# Foggs Famous Sauce Milkyway



## Steyn777 (20/12/17)

I can't seem to find this juice anywhere. Any help please?


----------



## Silver (20/12/17)

Perhaps try Sir Vape @Steyn777


----------



## Rob Fisher (20/12/17)

Steyn777 said:


> I can't seem to find this juice anywhere. Any help please?

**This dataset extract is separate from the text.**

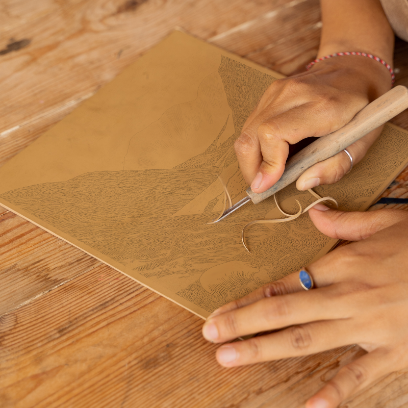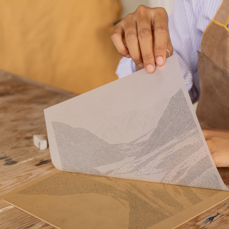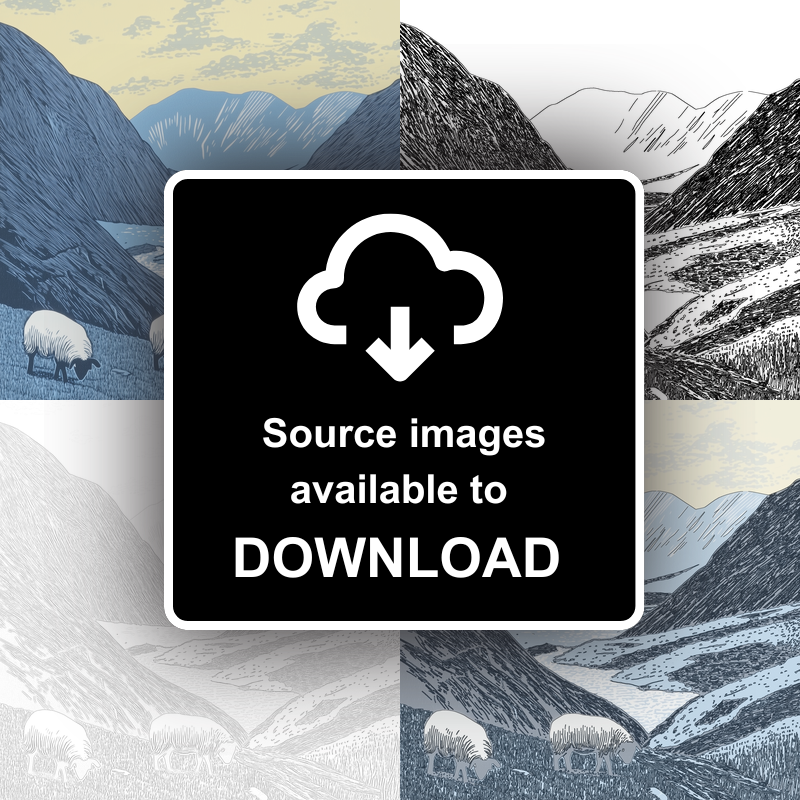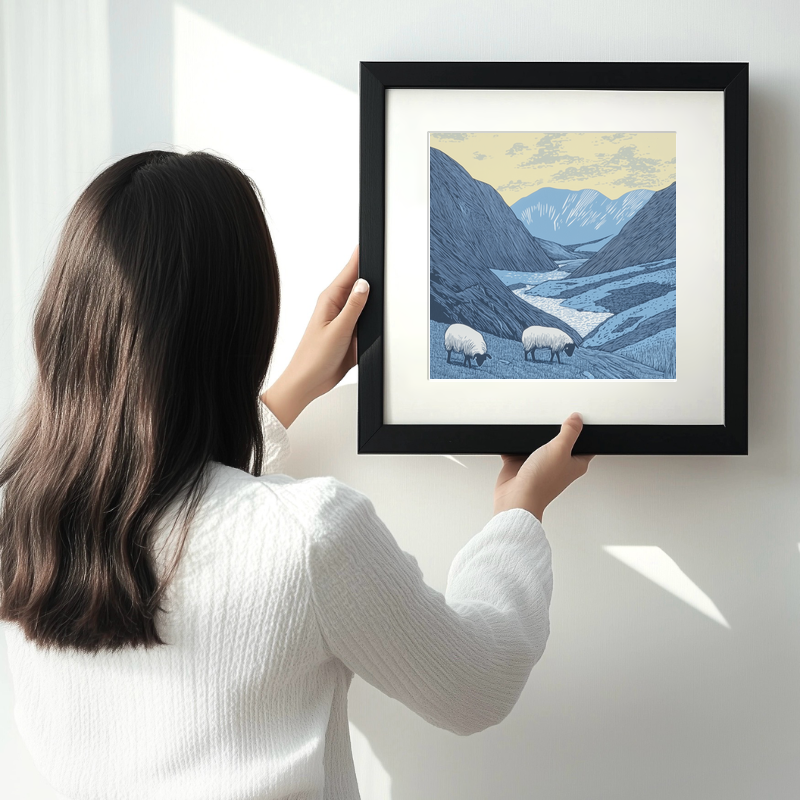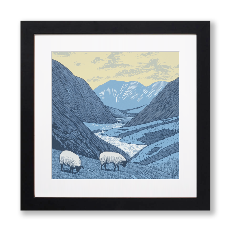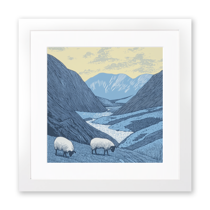 This striking artwork captures the serene beauty of the Lake District, featuring a pair of sheep grazing contentedly in the foreground below imposing, silhouetted crags. Executed in a distinctive lino-print style, the piece blends stylised textures and crisp linework to create a sense of depth and tranquility. Shades of deep and pale blue dominate the landscape, from the rolling hills and rocky mountains to the gentle flowing river which meanders through the centre of the scene. The sheep, with white and grey fleeces and dark faces, provide a gentle but striking contrast against the cool tones of the terrain. Overhead, a pale yellow sky adorned with soft, textured clouds evokes an early morning or late afternoon glow, enhancing the peaceful mood. Each print is expertly framed in your choice of black or white, available in 36cm or 46cm square, making it an ideal piece for any room. For those who love to be creative, we also offer a unique digital download package that includes the source images, linework, and sketches so you can create your very own lino print at home. Celebrate the quiet majesty of the Lake District and bring a touch of countryside charm to your space with this distinctive artwork.

https://www.sirvape.co.za/collections/foggs-famous-sauce/products/foggs-the-milky-way-30ml-1

Reactions: Like 1


----------



## Steyn777 (20/12/17)

Thanks guys, was looking for something a bit bigger than 30ml but beggers can't be choosers I suppose. Lol


----------



## Silver (20/12/17)

Give them a call @Steyn777 
Maybe they can help you out


----------



## Sir Vape (21/12/17)

Steyn777 said:


> Thanks guys, was looking for something a bit bigger than 30ml but beggers can't be choosers I suppose. Lol



120ml's in Milky Way will be available next year

Reactions: Like 1 | Winner 1


----------



## Steyn777 (21/12/17)

Now that is awesone newsm thanks for informing me...will hang tight for a couple of weeks.

Reactions: Like 1


----------